基于半监督学习的单幅图像去雨算法

doi:10.11772/j.issn.1001-9081.2021030492

《计算机应用》唯一官方网站 ›› 2022, Vol. 42 ›› Issue (5): 1577-1582.DOI: 10.11772/j.issn.1001-9081.2021030492

• 多媒体计算与计算机仿真 • 上一篇下一篇

基于半监督学习的单幅图像去雨算法

邱永茹, 姚光乐(), 冯杰, 崔昊宇

成都理工大学计算机与网络安全学院（牛津布鲁克斯学院），成都 610059

收稿日期:2021-04-02 修回日期:2021-06-08 接受日期:2021-06-08 发布日期:2022-06-11 出版日期:2022-05-10
通讯作者: 姚光乐
作者简介:邱永茹（1998—），女，广东湛江人，主要研究方向：图像复原、深度学习网络结构
姚光乐（1985—），男，河南三门峡人，副教授，博士，主要研究方向：人工智能，计算机视觉 yaoguangle19@cdut.edu.cn
冯杰（1995—），男，四川南充人，硕士研究生，主要研究方向：图像去雨、遥感图像处理、半监督学习
崔昊宇（2000—），男，吉林伊通人，主要研究方向：计算机视觉、人工智能。
基金资助:
四川省重点研发计划项目(2020YFG0169)

Single image de-raining algorithm based on semi-supervised learning

Yongru QIU, Guangle YAO(), Jie FENG, Haoyu CUI

College of Computer Science and Cyber Security （Oxford Brookes College），Chengdu University of Technology，Chengdu Sichuan 610059，China

Received:2021-04-02 Revised:2021-06-08 Accepted:2021-06-08 Online:2022-06-11 Published:2022-05-10
Contact: Guangle YAO
About author:QIU Yongru， born in 1998. Her research interests include imagerestoration，deep learning network structure.
YAO Guangle， born in 1985，Ph. D.，associate professor. Hisresearch interests include artificial intelligence，computer vision.
FENG Jie， born in 1995，M. S. candidate. His research interestsinclude image de-raining， remote sensing image processing， semisupervised learning.
CUI Haoyu， born in 2000. His research interests include computervision，artificial intelligence.
Supported by:
Key Science and Technology Program of Sichuan Province(2020YFG0169)

摘要/Abstract

摘要：

在雨天采集的图像通常存在背景物体被雨纹遮挡、图像变形等影响图像质量的现象，对后续图像分析及应用造成严重影响。近年来，已经提出了许多基于深度学习的去雨算法并获得了较好的效果。由于真实雨图的无雨纹干净背景图采集非常困难，大多数算法都采用监督学习即在含有配对标签的合成雨图数据集上进行模型训练。由于合成雨图和真实雨图中雨纹的亮度、透明度、形状等存在巨大差异，基于监督学习的去雨算法对真实雨图的泛化能力普遍较差。为提高去雨模型对真实雨图的去雨效果，提出了一种基于半监督学习的单幅图像去雨算法。该算法在模型训练过程中加入合成雨图和真实雨图并最小化两个输入图像转换成的特征向量的一阶信息和二阶统计信息差异，使两者特征分布一致。同时，针对雨纹复杂多样的特点，引入多尺度网络以获取更丰富的图像特征，并提高模型性能。实验结果表明，所提算法在Rain100H合成雨图测试集上相较JDNet、Syn2Real等算法在峰值信噪比（PSNR）和结构相似度（SSIM）上分别至少提升了0.66 dB、0.01，在去除雨纹的同时能最大限度保留图像细节和颜色信息；并且由于减少了分布差异，该算法在真实雨图测试集上的去雨效果明显优于现有的JDNet、Syn2Real等去雨算法，具有较强的泛化能力。所提算法可以应用于现有的基于监督学习的去雨算法并显著提高其去雨效果，拥有较高的独立性。

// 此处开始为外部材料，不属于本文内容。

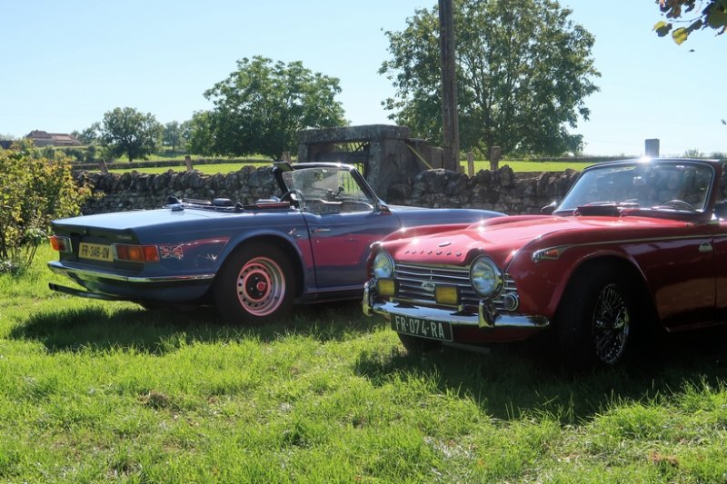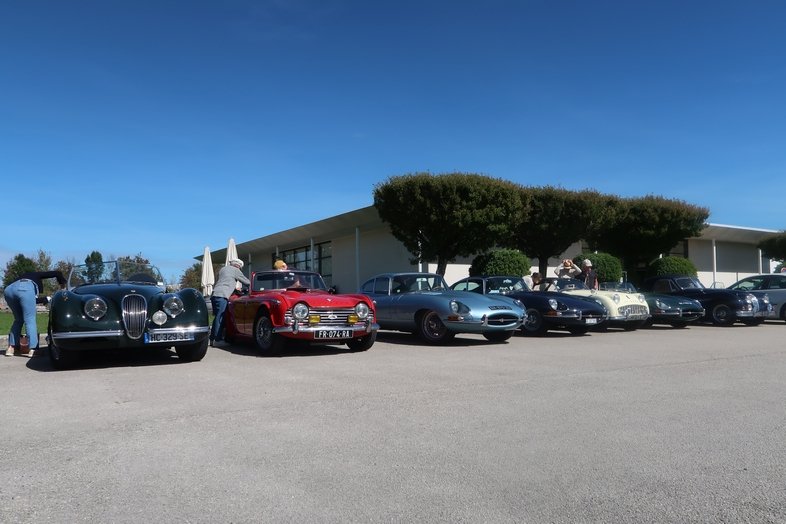 Nantua, puis Bourg sont doublés et vient la sortie de Vonnas. Là, on a le choix: à gauche on va chez Georges, c’est tentant, mais c’est à droite qu’il faut aller, à Pont de Vaux où Marc et Elizabeth Pozet arrivent aussi, non dans leur Mk2 mais dans leur MG F, première auto de la marque de l’ère post-MGB, rappelons-le (bien que conçue par Rover, mais chut!). Les autres autos finissent par arriver, mais la congestion locale due au marché les encourage à aller faire l’indispensable pause café un peu plus loin sur la route de Tournus.

关键词: 单幅图像去雨, 半监督学习, 多尺度网络, 深度学习, 密集残差连接

Abstract:

The images collected in rainy days usually have some phenomena that affect the image quality， such as the background object blocked by rain streaks and the image deformation， which have serious impact on the subsequent image analysis and application. Recently， numerous de-raining algorithms based on deep learning have been proposed and achieve good results. Most algorithms adopt supervised learning， that is， training the model on the synthetic rainy image dataset with paired labels due to the difficulty in acquiring clean background images without rain streaks from real-world rainy images. However， there are differences between synthetic and real-world rainy images on brightness， transparency， and shape of rain streaks. Thus， most de-raining algorithms based on supervised learning have poor generalization ability to real-world rainy images. Therefore， in order to improve the rain removal effect of de-raining models on the real-world rainy images， a single image de-raining algorithm based on semi-supervised learning was proposed. In the model training process of the proposed algorithm， the synthetic and real-world rainy images were added， and the difference of the first-order and second-order statistic information of feature vectors converted from the both input images were minimized to make the features of the both have same distribution. Meanwhile， in view of the complex and diverse characteristics of rain streaks， a multi-scale network was introduced to obtain richer image features and improve the performance of model. Experimental results show that， on the Rain100H dataset of synthetic rainy images， compared with Joint Deraining Network （JDNet）， Synthetic-to-Real transfer learning （Syn2Real）， the proposed algorithm improves the Peak Signal-to-Noise Ratio （PSNR） and Structural SIMilarity （SSIM） by at least 0.66 dB and 0.01 respectively. While removing rain streaks， the proposed algorithm can retain image details and color information to the greatest extent. At the same time， with the reduction of distribution discrepancy， the proposed algorithm achieves better performance on the real-world rainy images with strong generalization ability， compared with the de-raining algorithms such as JDNet and Syn2Real. The proposed algorithm is highly independent， can be applied to the existing de-raining algorithms based on supervised learning and significantly improve their de-raining effects.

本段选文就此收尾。